At Vimeo, on the transcoding team, we work a lot with Go, and a lot with C, for various tasks such as media ingest. This means we use CGO quite extensively, and consequently, have run into bits that are perhaps not very well documented, if at all. Below is my effort to document some of the problems we've run into, and how we fixed or worked around them.

Many of these are obviously wrong in retrospect, but hindsight is 20/20, and these problems do exist in many codebases currently.
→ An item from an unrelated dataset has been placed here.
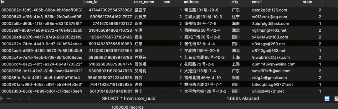 user_uuid表写入结果:

Some are definitely ugly, and I much welcome better solutions! Tweet me at @daemon404 if you have any, or have your own CGO story/tips, please! I'd love to learn of them.

Table of Contents

  1. Problems & Solutions
  2. Debugging Tips
  3. Further Reading

1. Problems & Solutions

Below are some problems we have hit, and how we "solved" them.

Lifetimes of Go-allocated Variables

This is one of those problems that will cause non-deterministic behavior and weird runtime crashes. Prior to the addition of concurrent GC in Go 1.5, we, and many others got away with passing Go-allocated variables into C, and keeping them around, perhaps for use in a callback, e.g.:

// #include <myheader.h>
import "C"

func myInit() {
    var myContext C.contextType
    var stashedThing C.stashType

    // Stashes a pointer to stashedThing in some private 
    // internal struct, for later use.
    C.init(&myContext, &stashedThing)

    // Stuff happens here

    // Probably runs fine in 1.4, but has a non-deterministic
    // stack-bounds panic in 1.5.
    C.process(&myContext)

    // ...
}

Now, the lifetimes of Go-allocated variables, and the behavior when passing into C-land is entirely undocumented. With stop-the-world GC in 1.4, this mostly worked fine, since GC would not run between the C calls. However, in 1.5, with the addition of concurrent GC, it may run in the background between the two C calls, and the address of stashedThing may change, leaving to an invalid memory access in the second C call.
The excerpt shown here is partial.